Purpose: : Delta-like ligand 4 (Dll4) plays a crucial role in angiogenesis. However, the specific effect of Dll4 on choroidal neovascularization (CNV) is unclear. The aim of this study was to investigate the influence of Dll4 on CNV angiogenesis via HIF-1α-VEGF signaling.

Methods: : RF/6A cells, an immortalized choroid-retinal endothelial cell line, were used to establish a chemically-induced hypoxia model. Real-time RT-PCR and Western blotting were used to analyze changes in the expression of Dll4, VEGF and HIF-1α in hypoxic RF/6A cells. RNA interference, immunofluorescence staining, a laser-induced CNV model and intravitreal injection techniques were used to confirm the relationships among these molecules. RF/6A cells were transfected with full-length human Dll4 or a small interfering RNA (SiRNA) targeting Dll4 to modify the different expression status of Dll4. In addition, the Notch inhibitor, gamma secretase inhibitor (GSI), was used to block total Notch-mediated signaling. Finally, RF/6A cells, expressing different levels of Dll4/Notch, were co-cultured with retinal pigment epithelial (RPE) cells under hypoxic conditions to investigate the functional changes in RF/6A cells in response to RPE cell stimuli.

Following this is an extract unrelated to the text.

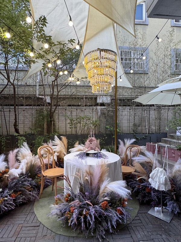 팝업 공간의 컨셉은 ‘가을의 프릴 파티’로, 로맨틱한 디자인과 소재를 적용한 제품들을 직접 착용하고 즐길 수 있는 최적의 공간으로 구성됐다. 채도가 낮은 색감과 갈대 등 가을을 연상시키는 오브제를 활용하고, 아떼 바네사브루노의 크리스탈 키링으로 완성된 화려한 샹들리에를 설치해 몽환적인 느낌을 극대화했다. 인증샷을 남길 수 있는 포토존도 구성돼 뜨거운 호응을 이끌었다.

Results: : The Dll4 mRNA and protein expressions increased significantly in a time-dependent manner responded to CoCl₂ induced hypoxia in RF/6A cells, whose upregulation was mediated by HIF-1α-VEGF signaling. Results from the co-culture system showed that the enhancement of Dll4 expression in RF/6A cells led to significantly faster proliferation and stronger tube forming ability, but inhibited cell invasion, while siRNA-mediated Dll4 silencing had the opposite effect. Pharmacological disruption of Notch signaling using GSI produced a similar, but not identical effect, to that caused by the Dll4 siRNA. Dll4 inhibition abolished the invasion of RF/6A cells across a monolayer of RPE cells in a hypoxic environment. In addition, the expression of several key molecules involved in the angiogenesis of CNV, including VEGFR1, VEGFR2, EphrinB2 and EphB4, was altered in RF/6A cells showing constitutively active Dll4 expression.

Conclusions: : Dll4 is an important vascular regulator in CNV angiogenesis, which appears to be regulated by HIF-1α and VEGF during the progression of CNV under hypoxic conditions. Targeting Dll4/Notch signaling could be an innovative treatment strategy for anti-angiogenesis in ocular diseases.